Grieving Grief is our natural healing response to the loss of someone or something that we had loved or when we are faced with extreme change. It is a complex process, not an event, proceeding in stages from initial shock and chaos through adaption on to acceptance and transformation.
THE KUBLER-ROSS MODEL
Elisabeth Kübler-Ross postulates a model grief resolution that includes a series of distinct stages experienced by survivors of an intimate’s death. Both sufferers and therapists have reported the usefulness of the Kübler-Ross Model. Kübler-Ross later expanded her model to include many forms of personal loss and trauma, such as the death of a loved one, the loss of a job or income, major rejection, the end of relationship or divorce, drug addiction, incarceration, the onset of a disease or chronic illness, an infertility diagnosis, and even minor losses in a wide variety of situations.
5 Stages of Grief
The first reaction is denial. In this stage, individuals believe the diagnosis is somehow mistaken, and cling to a false, preferable reality.
When the individual recognizes that denial cannot continue, they become frustrated, especially at proximate individuals. Certain psychological responses of a person undergoing this phase would be:
• “Why me? It’s not fair!” • “How can this happen to me?” • “Who is to blame?” • “Why would this happen?”

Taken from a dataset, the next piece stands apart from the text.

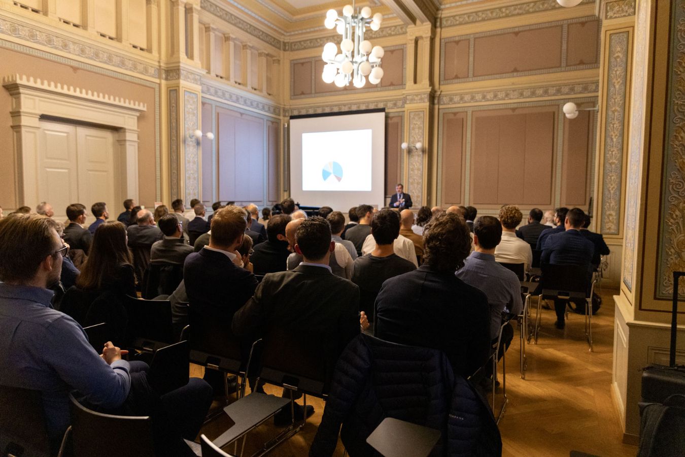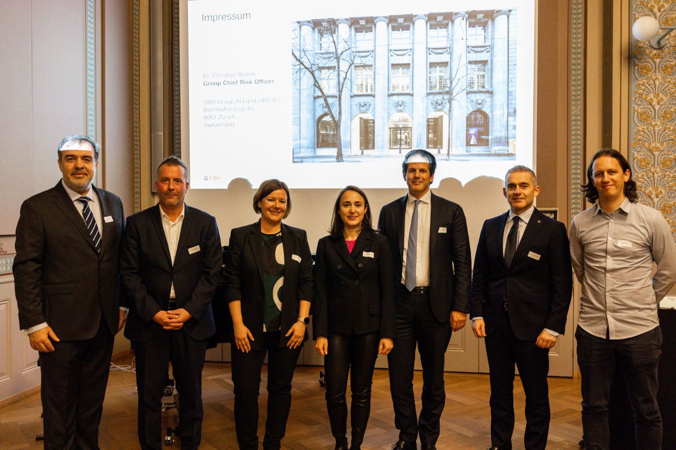 In the first part of the evening Harald Gall (Dean of the Faculty of Business, Economics and Informatics), Josef Teichmann (Head of the Department of Mathematics of ETH Zurich), Freddy Delbaen (one of the founders of the joint Quantitative Finance UZH ETH), several alumni (Kinga Kacmarek, Antonio Del Favero, Isabelle Fries Kuksin, Urban Ulrych), and Christian Bluhm (Group Chief Risk Officer of UBS) shared their views as key note speakers in the small UZH Aula. Martin Weber (Chair of the Board of Directors of Robeco Switzerland) presented the award for the best "Quantitative Finance Master's Thesis", an initiative of the ongoing collaboration beween the University of Zurich, ETH Zurich, and Robeco promoting research on the topic of sustainable investing.

The third stage involves the hope that the individual can avoid a cause of grief. Usually, the negotiation for an extended life is made in exchange for a reformed lifestyle. People facing less serious trauma can bargain or seek compromise.
During the fourth stage, the individual despairs at the recognition of their mortality. In this state, the individual may become silent, refuse visitors and spend much of the time mournful and sullen. Examples of some psychological expressions during this stage are:
• “I’m so sad; why bother with anything?” • “I’m going to die soon, so what’s the point?” • “I miss my loved one; why go on?”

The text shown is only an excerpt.